The plan to cut spending eased concern that costs for the main Cell processors for the PlayStation 3 are eroding earnings. Sony said it may also contract with outside companies to make the chips. Lower costs would help Sony compete against cheaper video game players from Nintendo Co. and Microsoft Corp.

``It's a positive development for Sony and a good move for any company that doesn't have much spare capital to spend,'' said Fujio Ando, who helps oversee $365 million at Chiba-Gin Asset Management Co. in Tokyo.

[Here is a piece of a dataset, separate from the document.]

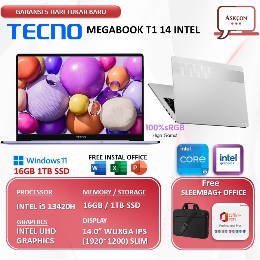 Laptop TECNO MEGABOOK T1 14 i5 13420H 16GB 1TB SSD 14.0WUXGA 100sRGB 75WH 1.39KG Windows11
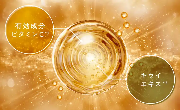 キウイエキスの恵みが、肌のすみずみ*⁴までビタミンC*³を届けます。 |

Sony plans to spend 300 billion yen in three years to March 2010 on semiconductors, compared with the 500 billion yen estimated for the three years ending March 2007, Nikkei Inc. reported yesterday, without saying where it got the information.

Profitable Next Year

Nakagawa yesterday declined to disclose spending estimates or timeframes for the reduction. Sony's semiconductor business will become profitable in the year ending March 2008, after posting losses the previous fiscal year, he said.

The change in spending ``confirms a more prudent approach by Sony to capital allocation, one that previously has been focused on Sony needing to build everything itself,'' David Gibson, an analyst at Macquarie Securities Ltd. in Tokyo, wrote in a report dated yesterday. He rates the company ``outperform.''

Sony yesterday said it is ``seriously considering'' outsourcing production of future Cell chips to improve earnings. Macquarie's Gibson said Chartered Semiconductor Manufacturing Ltd. and Toshiba Corp. would benefit should Sony outsource Cell manufacturing.

`Japanese electronics makers tend to keep chip production in-house, as it is one key areas of competitive advantage,'' Wakabayashi said. ``The challenge for Sony, if it does decide to outsource, is how to cut investment in the business without losing competitive edge.''

45 Nanometer Chips

The new Cell chips will be made using 45 nanometer technology, compared with 65 nanometer now, making them smaller and more powerful, Nakagawa said. A nanometer is a billionth of a meter and measures the distance between transistors in a chip. A smaller gap means more transistors can be packed on each wafer, reducing manufacturing costs. Mass production of chips currently ranges between 65 nanometers and 180 nanometers.

Separately, Credit Suisse Securities (Japan) Ltd. raised its rating on the Japanese consumer electronics industry to ``overweight'' from ``market weight'' yesterday, citing improving earnings on a weaker-than-expected yen, cost reductions and slower-than-estimated declines in television prices. Sony is the world's second-largest consumer electronics maker after Matsushita Electric Industrial Co.

``We view Sony most highly in terms of investment appeal,'' Koya Tabata, a Tokyo-based analyst at Credit Suisse, wrote in the report. Strong sales of electronics and release of PlayStation 3 in Europe in March will help boost earnings, Tabata, who rates the company ``outperform,'' said.

Sony overtook Sharp Corp as the world's largest liquid- crystal display television maker in terms of revenue, market researcher NPD Group Inc. said yesterday.

The company yesterday stuck with an October forecast for chip sales to rise 57 percent to 770 billion yen in the year ending March 31, which would be equivalent to 9.4 percent of overall revenue.